Bu sansür sadece kurullardan ibaret değildir. Gazetelerde basılacak kelimelere dahi yasaklar bulunmaktadır. Abdülhamit’in bizzat kendi korkusundan dolayı yasakladığı yüzlerce kelime vardır. Sultan kendi burnunun büyüklüğünden dahi çekiniyor olmalıydı ki ‘Sarayburnu’ kelimesinin dahi gazetelerde yer edinmesini yasaklamıştı. Bu kelimenin yanında hürriyet (özgürlük), müsavat (eşitlik), uhuvvet (kardeşlik) gibi kavramlarda bizzat Abdülhamit tarafından yasaklanmıştır.

Saray’ın sansürü öyle bir noktaya gelmiştir ki gazeteler Rusya ve İran’da parlamentonun açıldığını “meclis” kelimesinin yasak olmasından dolayı yayımlayamamıştır.
Bunların yanında her bir gazete sahibine saray tarafından yapılan ödemelerle, basın şekillendirilmeye çalışılmış, Saray hakkında övücü yazılar kaleme alanlar rütbe ve nişanlarla ödüllendirilirmiştir. Ramazanlarda saraya giden gazetecilere önemlerine göre “diş kirası” dağıtılmış, Abdülhamit kontrol etmek istediği yabancı basına da hediyeler vererek etkisini arttırmaya çalışmıştı.

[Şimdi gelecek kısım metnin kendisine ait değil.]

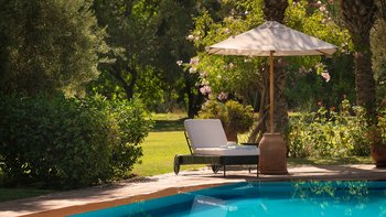 Innerhalb des Haupthauses gibt es eine große Eingangshalle, die zum Speisesaal führt, der Platz für bis zu 14 Gäste bietet. Der Salon verfügt über ein Holzfeuer, das an Wintertagen und -abenden bei Bedarf angezündet wird. Der Salon verfügt über ägyptische Wandbehänge aus den 1930er Jahren und antike Textilien, die von der Familie gesammelt wurden, fügen sich wunderbar mit eingelegten syrischen Spiegeln und Möbeln aus Perlmutt zusammen. Französische Türen führen auf die Terrasse mit einem Sitzbereich und einer mit Bougainvillea überdachten Pergola, die einem der Esstische Schatten spendet.

GÖLGESİNDEN KORKAN PADİŞAHIN PARALI DALKAVUKLARI

Tabiri caizse kendi gölgesinden bile korkan Abdülhamid, bugün belki de paralı trollere benzetebileceğimiz hafiyeler üzerinden toplumu baskı altına almaya çabalamıştır. Yandaşları tarafından oluşturulan Jurnallere yürütülen soruşturmalar ve sürgünlerle gelişen fikir akımları baskı altına alınmaya çalışılmış, en ufak bir eleştiri dahi tutuklama sebebi yapılmıştır.

İmparatorluk içinden telgraf ağıyla bizzat Yıldız Sarayı’na jurnaller gönderildiği belgelerler kanıtlanmıştır. Abdülhamit’e bizzat iletilen kısa notlar halindeki bu jurnaller öyle çoktur ki II. Meşrutiyet döneminde tasnif edilmeye çalışılsa da sonradan vazgeçilmiştir.

SONUÇ

Abdülhamit, artık tarihten silinmeye mahkum olan imparatorluklardan sadece birinin başındaki isim olarak baskı ve sansürün temsilcisidir. Rus Çarı, Macaristan Kralı gibi iktidarında pek çok aydını tutuklatmış ya da baskılarla yurtdışına çıkmaya zorlamıştır ancak yaptığı hiçbir şey hüküm sürdüğü topraklarda özgürlüğün, aydınlanmanın palazlanmasına engel olamamıştır.

İngilizlere güvenerek oluşturduğu devlet politikası Kıbrıs dahil pek çok toprağın işgal edilmesine yol açarken kendisinin de sonunu hazırlamıştır.
30 yıl gibi uzun bir zaman diliminde sansür ve jurnallerle baskıladığı toplum ekonominin de kötüye gitmesiyle beraber bu baskılara daha fazla dayanamayarak önce II. Meşrutiyet ilan edilmiş, sonra da Abdülhamit tahttan indirilerek iktidarına son verilmiştir.